**TASK REQUIREMENTS:** Return every line of the records below verbatim, with no pictures in the copy.

**RECORDS TO USE:**
= Beginning of Section =

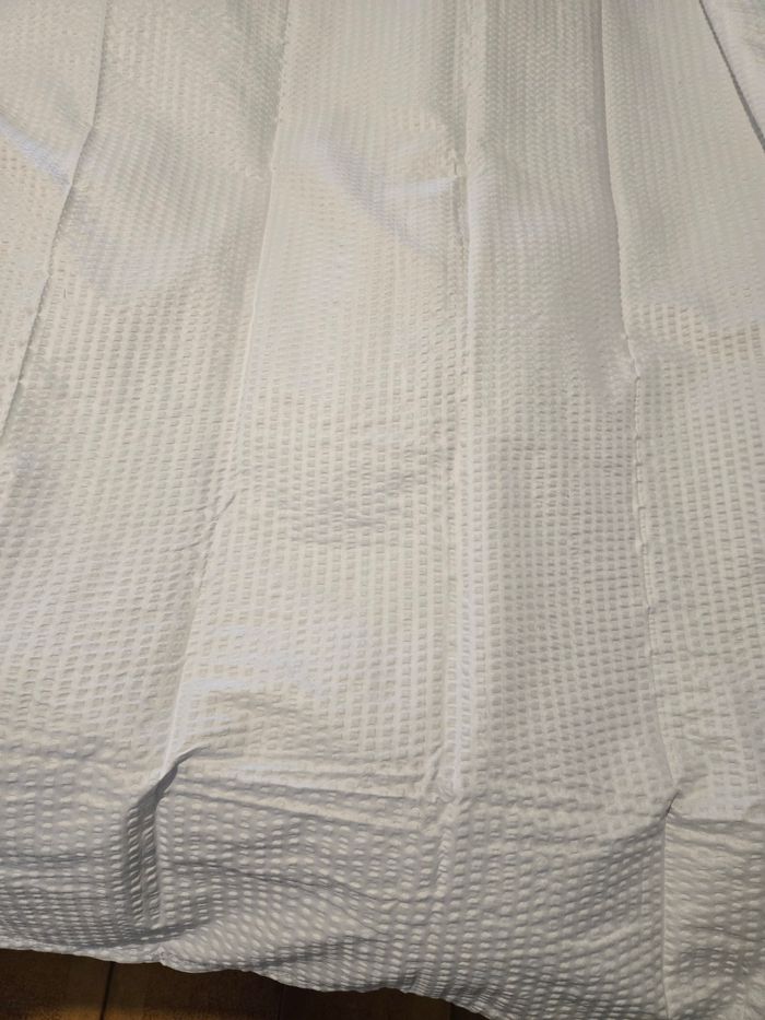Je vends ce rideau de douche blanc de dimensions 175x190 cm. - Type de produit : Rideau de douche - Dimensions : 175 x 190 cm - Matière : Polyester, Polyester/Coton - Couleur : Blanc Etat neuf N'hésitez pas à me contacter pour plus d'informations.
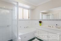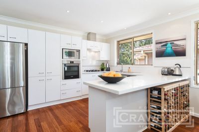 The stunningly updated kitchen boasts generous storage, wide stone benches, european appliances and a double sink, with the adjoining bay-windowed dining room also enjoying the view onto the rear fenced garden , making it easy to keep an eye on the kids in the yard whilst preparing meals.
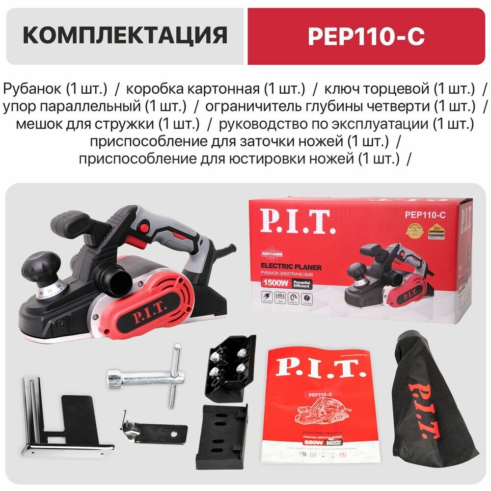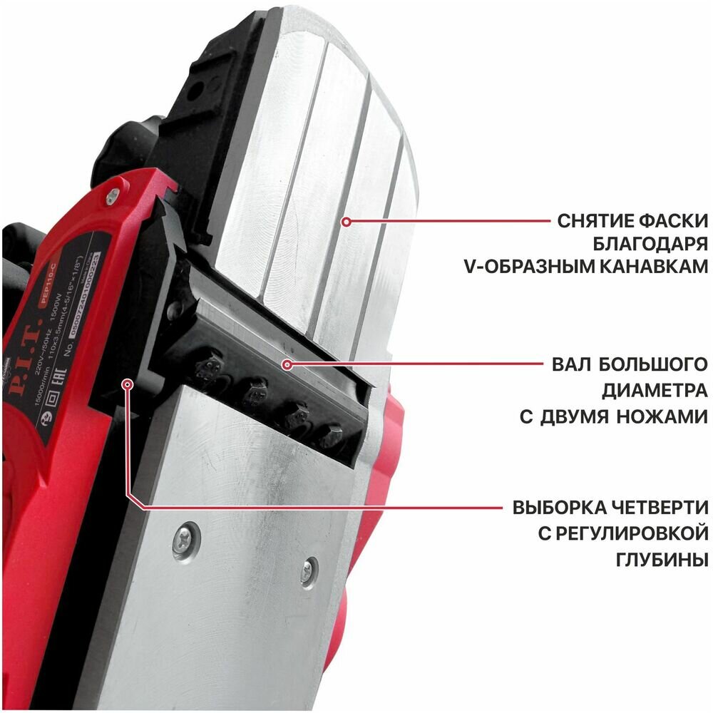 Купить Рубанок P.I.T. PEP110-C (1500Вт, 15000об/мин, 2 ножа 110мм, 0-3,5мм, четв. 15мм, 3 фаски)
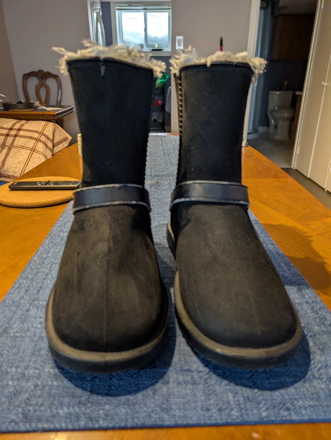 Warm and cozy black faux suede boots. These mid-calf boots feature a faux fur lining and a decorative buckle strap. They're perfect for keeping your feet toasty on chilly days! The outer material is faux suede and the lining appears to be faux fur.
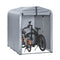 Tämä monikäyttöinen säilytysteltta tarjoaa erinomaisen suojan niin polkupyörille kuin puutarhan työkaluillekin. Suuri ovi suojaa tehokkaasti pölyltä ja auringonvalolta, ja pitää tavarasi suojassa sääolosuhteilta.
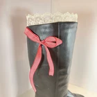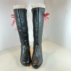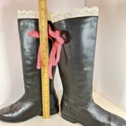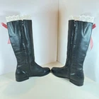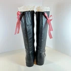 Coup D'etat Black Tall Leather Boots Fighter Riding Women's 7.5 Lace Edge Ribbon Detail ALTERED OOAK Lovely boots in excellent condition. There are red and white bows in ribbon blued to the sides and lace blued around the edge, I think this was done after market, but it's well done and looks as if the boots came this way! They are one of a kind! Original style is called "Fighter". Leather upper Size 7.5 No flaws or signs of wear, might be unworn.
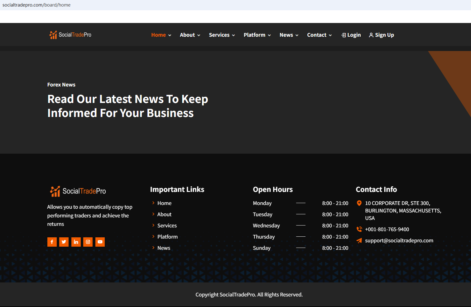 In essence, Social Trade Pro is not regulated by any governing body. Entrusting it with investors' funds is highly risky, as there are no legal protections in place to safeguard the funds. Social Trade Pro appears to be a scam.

= End of Section =

**EXPECTED ANSWER:**
Je vends ce rideau de douche blanc de dimensions 175x190 cm. - Type de produit : Rideau de douche - Dimensions : 175 x 190 cm - Matière : Polyester, Polyester/Coton - Couleur : Blanc Etat neuf N'hésitez pas à me contacter pour plus d'informations.
 The stunningly updated kitchen boasts generous storage, wide stone benches, european appliances and a double sink, with the adjoining bay-windowed dining room also enjoying the view onto the rear fenced garden , making it easy to keep an eye on the kids in the yard whilst preparing meals.
 Купить Рубанок P.I.T. PEP110-C (1500Вт, 15000об/мин, 2 ножа 110мм, 0-3,5мм, четв. 15мм, 3 фаски)
 Warm and cozy black faux suede boots. These mid-calf boots feature a faux fur lining and a decorative buckle strap. They're perfect for keeping your feet toasty on chilly days! The outer material is faux suede and the lining appears to be faux fur.
 Tämä monikäyttöinen säilytysteltta tarjoaa erinomaisen suojan niin polkupyörille kuin puutarhan työkaluillekin. Suuri ovi suojaa tehokkaasti pölyltä ja auringonvalolta, ja pitää tavarasi suojassa sääolosuhteilta.
 Coup D'etat Black Tall Leather Boots Fighter Riding Women's 7.5 Lace Edge Ribbon Detail ALTERED OOAK Lovely boots in excellent condition. There are red and white bows in ribbon blued to the sides and lace blued around the edge, I think this was done after market, but it's well done and looks as if the boots came this way! They are one of a kind! Original style is called "Fighter". Leather upper Size 7.5 No flaws or signs of wear, might be unworn.
 In essence, Social Trade Pro is not regulated by any governing body. Entrusting it with investors' funds is highly risky, as there are no legal protections in place to safeguard the funds. Social Trade Pro appears to be a scam.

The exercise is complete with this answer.